**Data:**
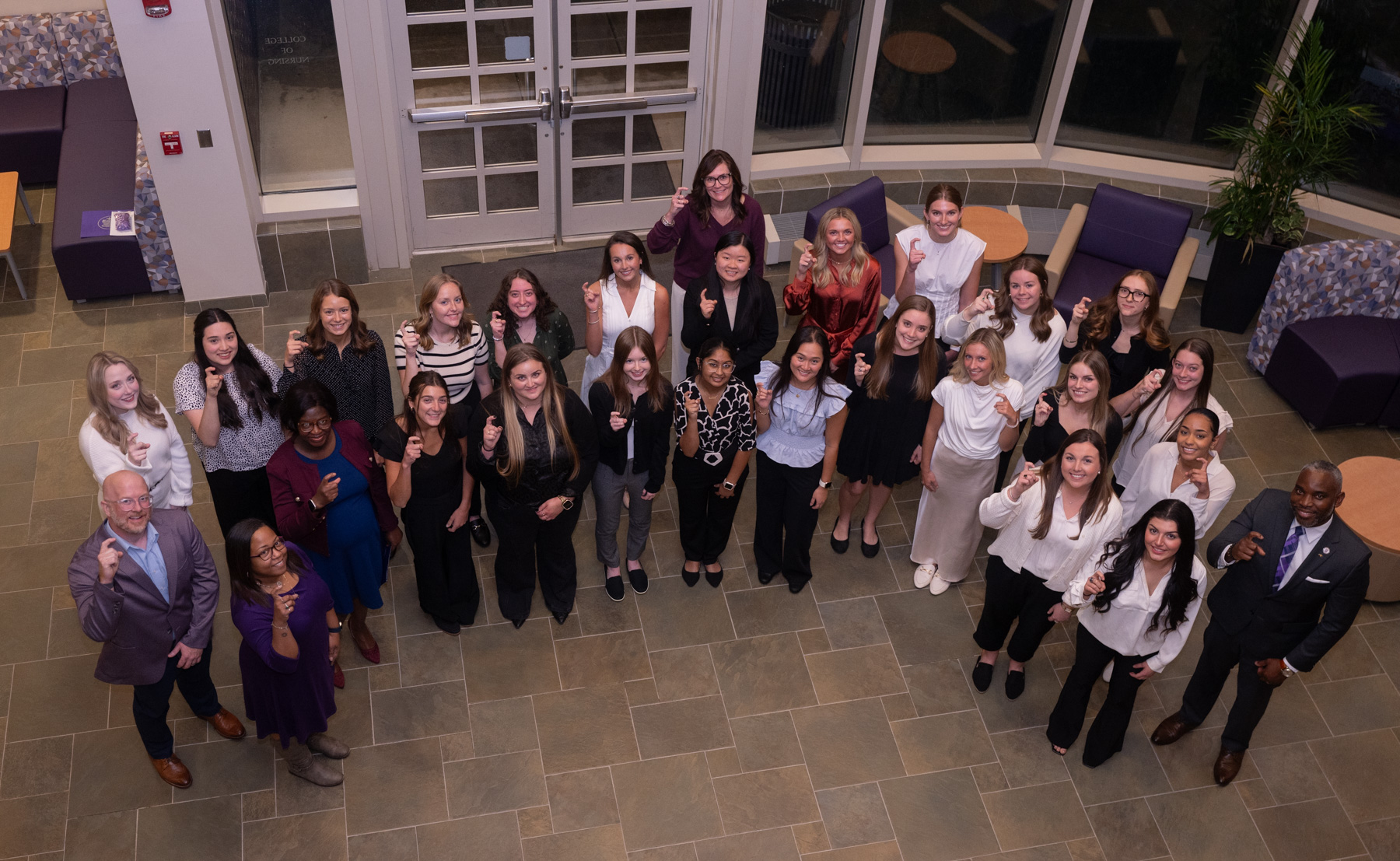 Pictured: 26 Beta Nu Inductees, along with Dr. Thompson Forbes, Beta Nu President, and Dr. Bim Akintade, ECU CON Dean
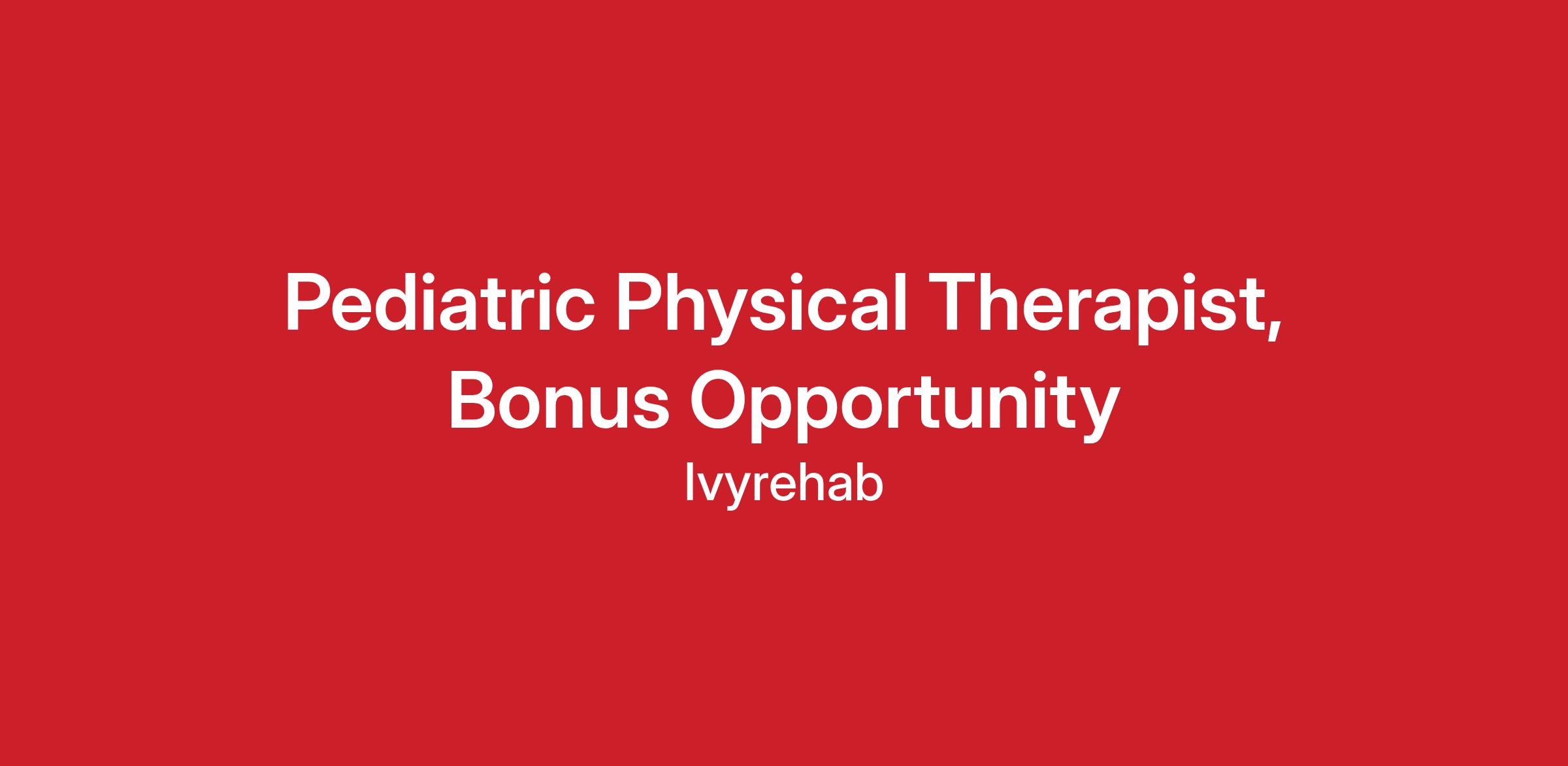 As an outpatient pediatric clinician, you will have the chance to work with many children from birth to age twenty-one. Our teammates are dedicated to the treatment of our young patients, providing individualized one-to-one attention and customized plans of care to meet your child’s needs. Parents and caregivers are encouraged to attend sessions so they can carry skills and home exercises into their child's daily life. Ivy's rewarding work environment allows multi-disciplinary collaboration and mentorship while maintaining autonomy and growth that is specific to each of our clinician's passions and expertise.Join Ivy Rehab’s dedicated team where you’re not just an employee, but a valued teammate! Together, we provide world-class care in physical therapy, occupational therapy, speech therapy, and applied behavior analysis (ABA) services. Our culture promotes authenticity, inclusion, growth, community, and a passion for exceptional care for every patient.
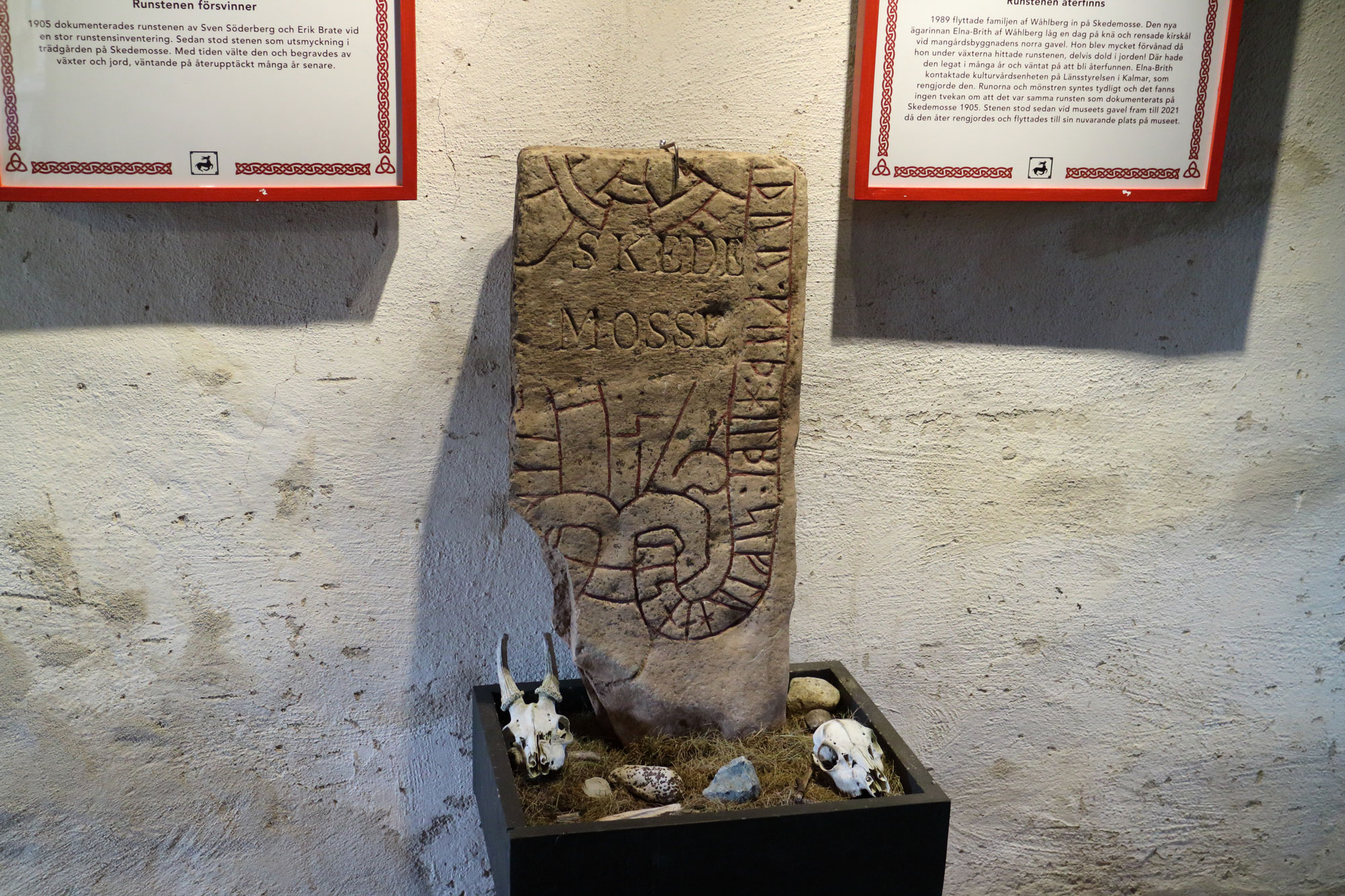 En dag 1989 när Elna-Brith af Wahlberg, ägare till Skedemosse, låg på knä och rensade kirskål vid mangårdsbyggnadens norra gavel blev hon mycket förvånad då hon under växterna hittade en runsten delvis dold i jorden. Där hade den legat i många år och väntat på att bli återfunnen. Elna-Brith kontaktade kulturvårdsenheten på Länsstyrelsen i Kalmar, som rengjorde stenen. Runstenen hade dokumenterats på Skedemosse 1905 men sedan försvunnit.

**Assigned task:**
Leaving out every picture, extract verbatim the lines from the one containing "As an outpatient" through the last line of the listing, inclusive.

**Response to this task:**
 As an outpatient pediatric clinician, you will have the chance to work with many children from birth to age twenty-one. Our teammates are dedicated to the treatment of our young patients, providing individualized one-to-one attention and customized plans of care to meet your child’s needs. Parents and caregivers are encouraged to attend sessions so they can carry skills and home exercises into their child's daily life. Ivy's rewarding work environment allows multi-disciplinary collaboration and mentorship while maintaining autonomy and growth that is specific to each of our clinician's passions and expertise.Join Ivy Rehab’s dedicated team where you’re not just an employee, but a valued teammate! Together, we provide world-class care in physical therapy, occupational therapy, speech therapy, and applied behavior analysis (ABA) services. Our culture promotes authenticity, inclusion, growth, community, and a passion for exceptional care for every patient.
 En dag 1989 när Elna-Brith af Wahlberg, ägare till Skedemosse, låg på knä och rensade kirskål vid mangårdsbyggnadens norra gavel blev hon mycket förvånad då hon under växterna hittade en runsten delvis dold i jorden. Där hade den legat i många år och väntat på att bli återfunnen. Elna-Brith kontaktade kulturvårdsenheten på Länsstyrelsen i Kalmar, som rengjorde stenen. Runstenen hade dokumenterats på Skedemosse 1905 men sedan försvunnit.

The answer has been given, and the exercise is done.